Currently, x86sim disassembles machine instructions only when that
memory is about to be executed.  The disassembly is cached and if that
address is executed again, x86sim will use the cached instruction if
the memory contains the same bytes as when the instruction was
originally disassembled.

It is also possible to disassemble the entire executable at once
simply by choosing an appropriate disassembler (see
Disassembler::lookup()), and then calling the disassembler, giving it
the MemoryMap for the specimen. Alternatively, one can use the
Partitioner::partition() method, passing a disassembler and memory
map.

== Concolic Analysis ==

Certain combinations of abstract and concrete analysis are
possible. For instance, it's possible to obtain, through static
analysis and disassembly, an AST containing functions of basic blocks
for all the executable memory.  This AST contains a control flow graph
and a function call graph that could be compared with the concrete
interpretation and augmented by the concrete interpretation.

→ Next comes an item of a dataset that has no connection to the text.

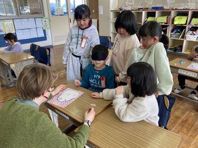 今日はALTのグレイ先生が来校しました。1年生の教室では,顔の部位の英語を教えていただき(目・鼻・ほっぺ・まゆ毛・耳など),英語で「○○をください」とペアに伝えての“福笑い”を楽しんでいました。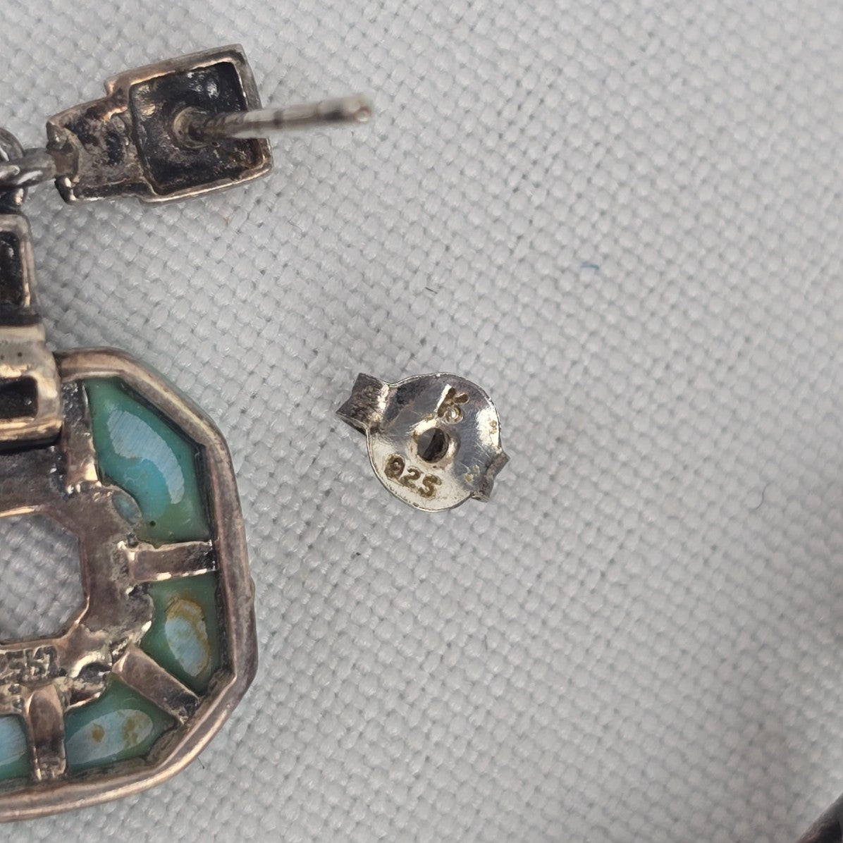 925 Sterling Silver Turquoise Pendant Chain Necklace & Earring Set

For statically linked executables, one could also obtain an AST for
the ELF container. But since shared objects for dynamically linked
executables are resolved by simulating the dynamic loader, ROSE does
not have any direct knowledge of the shared objects.  It would be
possible to obtain the list of shared object files by observing the
system calls related to file I/O since the simulated loader must open,
and map the shared objects.

== Debugging Tricks and Tips ==

It's often difficult to determine why a specimen runs differently
under x86sim than natively. It could be due to differences in the
environment provided by x86sim (like the fact that x86sim runs the
specimen with slightly different AUXV (one of the pieces of
information that gets pushed onto the specimen's initial stack).  You
can see values in x86sim with "--debug=loader" and natively by setting
the LD_SHOW_AUXV environment variable.

It could be due to differences in the way memory is layed out.  A
simple way to test this is to somehow get the specimen to dump its
memory map and compare that to the map printed with
"--debug=mmap".  If the specimen is the standard "cat" command for
instance, you could just run "cat /proc/self/maps".

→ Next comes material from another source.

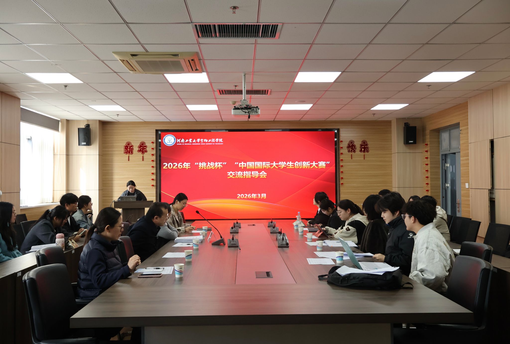 在惟德楼1313会议室召开“挑战杯”和“中国国际大学生创新大赛”交流指导会。会议特邀河南科技大学许军教授作专题分享与现场指导,亚洲av党委书记卫红伟、副书记蔡永平,指导教师代表及各项目负责人参加会议。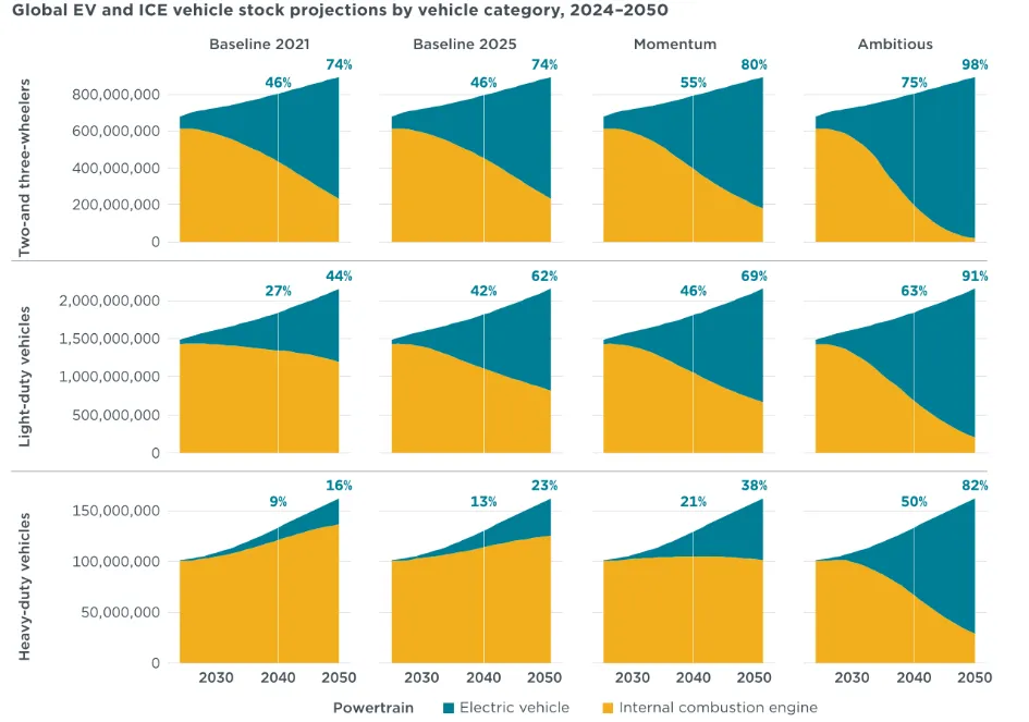 从相关数据来看,两轮和三轮车的电动化差距最小,按 2025 基准情景,2050 年路上的这类车中 74% 会是电动的,要是按进取情景能达到 98%。

Another way to look at memory maps is by looking at the ELF Segment
Table in a core dump, either a core dump produced by x86sim or by
running the command natively.  For native core dumps you might need to
first execute "ulimit -Sc unlimited".  See the "--dump" switch for
x86sim.  An easy way to get a core dump at an arbitrary process for a
natively run specimen is to fire it up under GDB, set a break point at
the address of interest (e.g., "break *0x08040444"), run to the break
point, and then send a core producing signal to the specimen. You can
see the ELF Segment Table with a variety of tools: readelf, objdump,
or from ROSE itself using tests/roseTests/binaryTests/execFormatsTest:

    $ execFormatsTests -rose:read_executable_file_format_only core
    $ less core.dump

The GDB "set disassembly-flavor intel" will cause GDB to use the Intel
format which is used by most tools (other than GCC) including ROSE
itself.  Same can be done with objdump's "-Mintel" switch.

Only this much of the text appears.